*LISTED RECORDS*
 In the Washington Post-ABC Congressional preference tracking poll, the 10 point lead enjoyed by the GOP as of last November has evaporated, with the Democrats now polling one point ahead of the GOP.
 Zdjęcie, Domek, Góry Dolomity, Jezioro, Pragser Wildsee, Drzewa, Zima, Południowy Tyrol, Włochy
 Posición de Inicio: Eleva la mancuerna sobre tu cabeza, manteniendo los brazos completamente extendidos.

--

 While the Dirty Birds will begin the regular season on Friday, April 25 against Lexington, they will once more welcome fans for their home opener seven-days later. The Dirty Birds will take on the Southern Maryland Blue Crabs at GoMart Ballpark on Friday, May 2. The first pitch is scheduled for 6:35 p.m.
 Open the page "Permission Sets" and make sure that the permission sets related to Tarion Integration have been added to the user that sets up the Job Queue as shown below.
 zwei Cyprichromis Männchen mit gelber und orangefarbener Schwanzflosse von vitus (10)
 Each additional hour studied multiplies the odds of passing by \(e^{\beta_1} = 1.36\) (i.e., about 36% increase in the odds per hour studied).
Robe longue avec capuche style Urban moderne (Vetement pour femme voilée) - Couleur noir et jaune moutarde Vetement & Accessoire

---

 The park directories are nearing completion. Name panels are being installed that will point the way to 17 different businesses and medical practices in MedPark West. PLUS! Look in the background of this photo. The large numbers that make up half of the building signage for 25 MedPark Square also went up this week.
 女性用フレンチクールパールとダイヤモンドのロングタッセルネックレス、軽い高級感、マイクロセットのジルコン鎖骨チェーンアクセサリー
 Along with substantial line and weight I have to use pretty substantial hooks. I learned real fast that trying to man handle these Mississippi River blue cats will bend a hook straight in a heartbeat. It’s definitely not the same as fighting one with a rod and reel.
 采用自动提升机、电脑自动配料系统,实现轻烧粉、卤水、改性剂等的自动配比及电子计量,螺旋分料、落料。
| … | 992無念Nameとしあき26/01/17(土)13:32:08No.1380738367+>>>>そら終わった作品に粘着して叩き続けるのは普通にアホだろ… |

*AIM OF THE EXERCISE*
Using the material above, transcribe exactly the lines from the line with "In the Washington" to the line with "Posición de Inicio: Eleva"; both count, and nothing else goes in.

*SOLUTION*
 In the Washington Post-ABC Congressional preference tracking poll, the 10 point lead enjoyed by the GOP as of last November has evaporated, with the Democrats now polling one point ahead of the GOP.
 Zdjęcie, Domek, Góry Dolomity, Jezioro, Pragser Wildsee, Drzewa, Zima, Południowy Tyrol, Włochy
 Posición de Inicio: Eleva la mancuerna sobre tu cabeza, manteniendo los brazos completamente extendidos.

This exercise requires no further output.